In 2004, I sold it to a student pilot who happened to stop at Wickenburg Airport one day. I was running the FBO there at the time and he came with his flight instructor in for a break. The topic of RC helicopters came up. I told him I had one for sale and he bought it, on the spot, for $500 with a PayPal transfer. I gave him everything I’d accumulated for operations, including a toolbox with a few handy tools and a battery for getting the glow-plug going.

So a few years later, I wasn’t exactly happy to get a new RC helicopter as a Christmas gift. Sure, it was only about a $50 investment. But I was prepared for the frustration. That’s probably why it was cast aside so quickly.

(Honestly: I hate dumb gifts. I’d rather get nothing than something I don’t want or care about. I have enough crap around my house.)

RC HelicopterThis year, however, RC helicopters are big. I’ve seen them in mall kiosks all over the place. They’re big electric models with fuselages designed to match real helicopters, both military and civilian. They seem to be a big hit.
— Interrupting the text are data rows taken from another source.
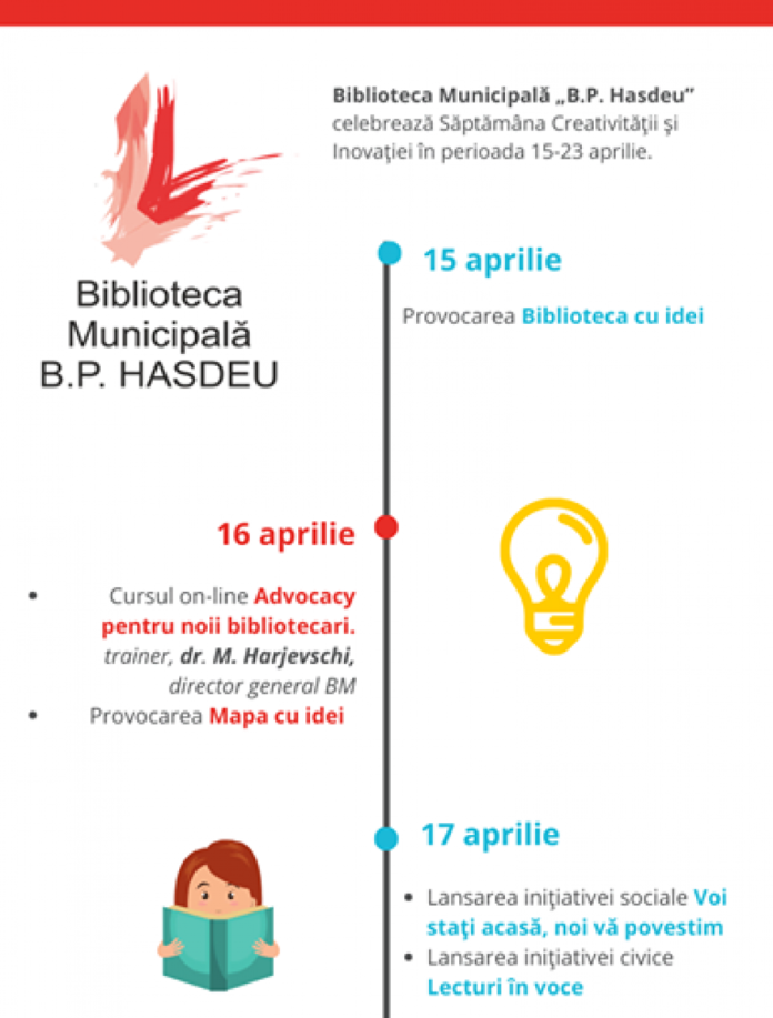 Programul Săptămânii creativității și inovației online al bibliotecii municipale „B. P. Hasdeu”, prevăzut pentru perioada: 15-23 aprilie, include ghidări online de acces și asimilare a conținutului cursului „Advocacy” lansarea inițiativei sociale „Voi stați acasă, noi vă povestim”; provocările: Sunt creativ, Obiectivele de dezvoltare durabilă; Premii și campioni, La o cafea etc.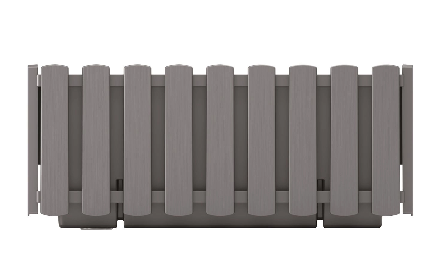 Le décor rappelant des lattes de bois confère à la jardinière une allure rustique mais épurée, qui se démarque sur un balcon, une terrasse ou un appui de fenêtre.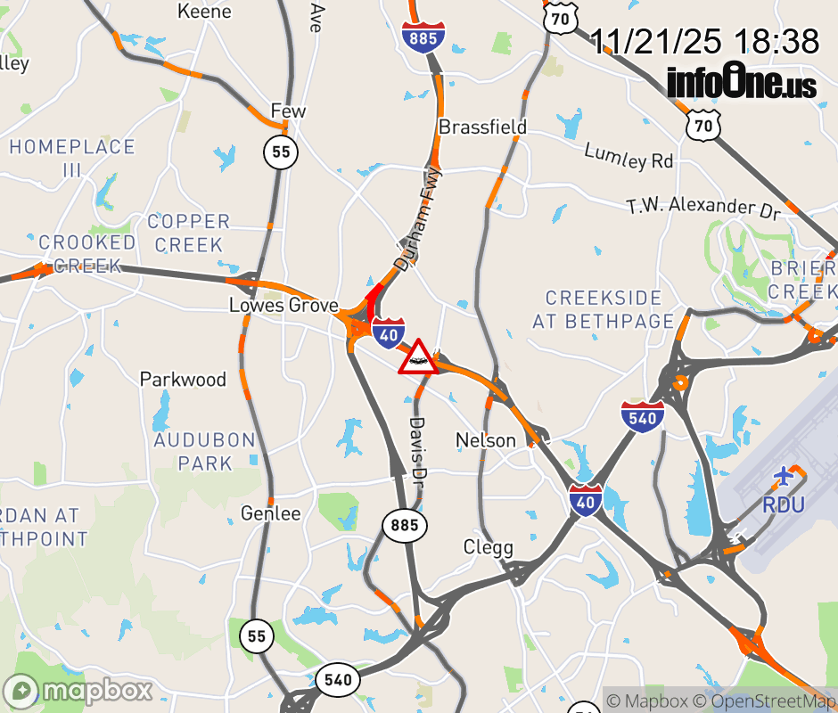The left lane is closed near Exit 280 (Davis Dr). ![]() |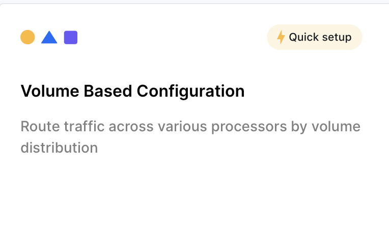 Volume Based Configuration: Define volume distribution among multiple payment processors using percentages.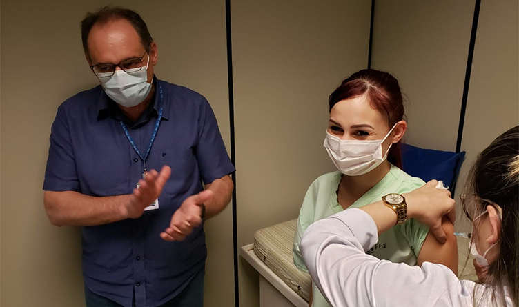 O coordenador da Ala Covid, doutor João Rogério Nunes Filho, e a enfermeira, Herica Aparecida Bressan, foram os primeiros colaboradores do HUST a serem vacinados.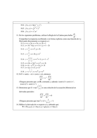 1. El documento presenta una serie de ejercicios de derivadas parciales, incluyendo hallar derivadas parciales de primer y segundo orden, demostrar identidades, y aplicar conceptos como la regla de la cadena y derivación implícita.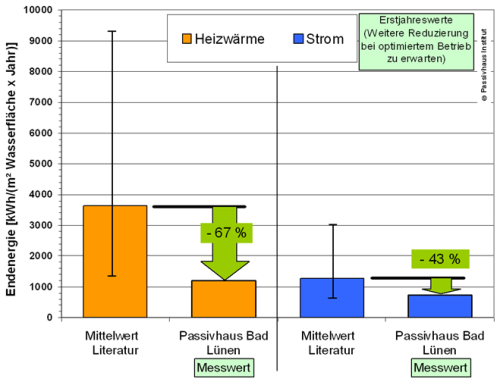 Bereits diese erste Orientierung zeigt deutlich, dass die Verbrauchswerte in Lünen bereits im ersten Betriebsjahr deutlich unter den Mittelwerten der Literatur liegen: Im Wärmebereich liegt der Messwert fast 70 % unter dem Literaturmittelwert, beim Strom sind es mehr als 40 %.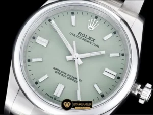 Minimalist tasarımı lüks detaylarla birleştiren Rolex Oyster Perpetual 126000, pistachio yeşili kadranıyla dikkat çeken özel bir superclone modelidir.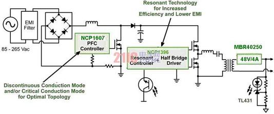 2)基于NCP1607和NCP1397的超高能效大功率LED街燈電源方案近年來,業界對超高能效的LED照明拓撲結構興趣日濃,期望在功率電平相對較低(<50W)時提供高于90%的能效,這個能效目標甚至比“能源之星”2.0版外部電源能效要求(功率不超過49W時能效高于87%)更高。要達到這樣高的能效,需要采用新的拓撲結構,如從反激拓撲結構轉向諧振半橋拓撲結構,從而充分發揮零電壓開關(ZVS)的優勢。有利的是,安森美半導體早已著手開發能用于LED驅動電源的高能效半橋解決方案,如NCP1396及其升級版NCP1397高性能諧振模式控制器。NCP1397內置高端和低端驅動器,支持可調節及精確的最低頻率,提供極高能效,并具備多種故障保護特性?;贜CP1607PFC控制器和NCP1397雙電感加單電容(LLC)半橋諧振控制器的LED電源方案(見圖2)非常適合功率在50到300W范圍的高能效LED街道照明應用。[page]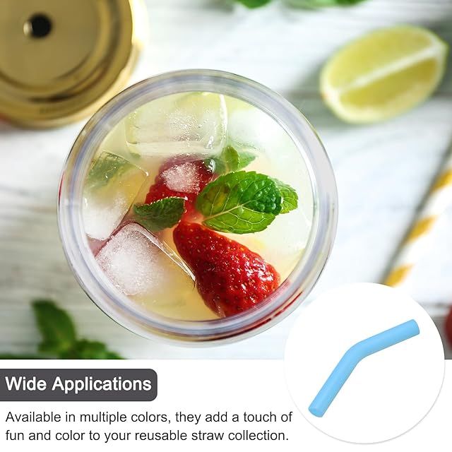 情報: 材質: シリコーン; 外径:8 mm; 内径:6 mm; 高さ:87 mm; カラー: スカイブルー; パッケージ内容:8個 x 再利用可能なシリコンストローエルボチップ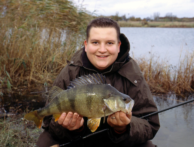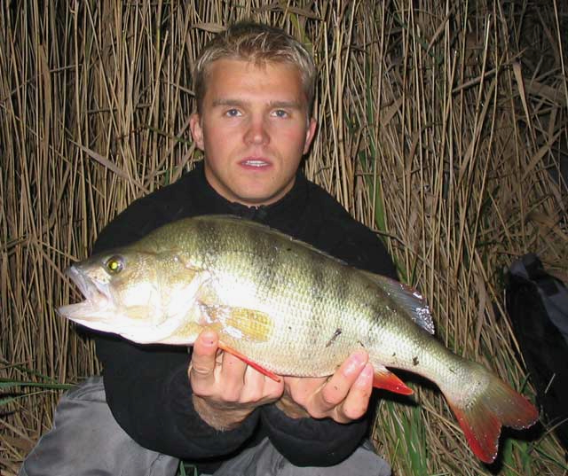 Jesper Bjerg Pedersen med hans fine aborre på 1850 gr. Aborre Jesper Bjerg Pedersen med hans fine aborre på 1850 gr.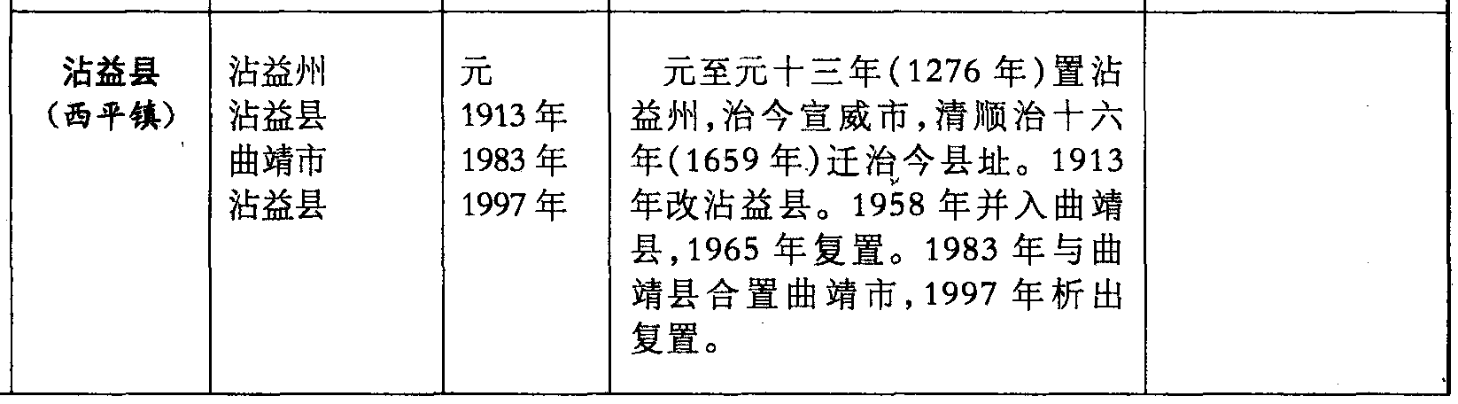 沾益县(西平镇)沾益州沾益县曲靖市沾益县元1913年1983年1997年元至元十三年(1276年)置沾益州,治今宣威市,清顺治十六年(1659年)迁治今县址。1913年改沾益县。1958年并入曲靖县,1965年复置。1983年与曲靖县合置曲靖市,1997年析出复置。

The main difference between these new RC helicopters and what I owned/own is that they use a stacked tandem rotor system with counter-rotating blades. As a result, there’s no issue with torque and no tail rotor is necessary. Because of this, I assume they’re a hell of a lot easier to fly. But they’re also kind of cheating, taking away the true helicopter flight experience — and the challenge.

I guess people don’t care about that. People want quick, easy thrills; they don’t want to actually put real effort into anything these days.

Even my little styrofoam RC helicopter has a tail rotor that actually works. As a result, it has the same basic aerodynamics as a real helicopter. Increase or decrease power and the nose shifts left or right accordingly. There’s a tail rotor trim toggle that has to be fine-tuned for flight. Since rediscovering the helicopter, I’ve spent most of my time just fine-tuning it so I can control it.

My RC HelicopterOn my little helicopter, forward movement is determined by simple weight and balance; a few push pins in the nose (see photo; sunglasses give you a sense of scale) gives me just the right amount of weight for slow forward flight. One control lever increases or decreases power, like a collective/throttle combination. Another lever points left or right like a limited action cyclic. Tail rotor trim can be avoided if set right. It’s pretty challenging and, fortunately, pretty sturdy. I crash-land almost every time I fly it, but I am getting better.

I think it’s the RC helicopters I’ve seen in the mall that made me want to pull out my little RC helicopter and play with it again. I’d like to try (but not own) one of the new ones, just to see what it’s like. Until then, I’ll keep flying mine around the kitchen — at least until I finally snap the main rotor blades off.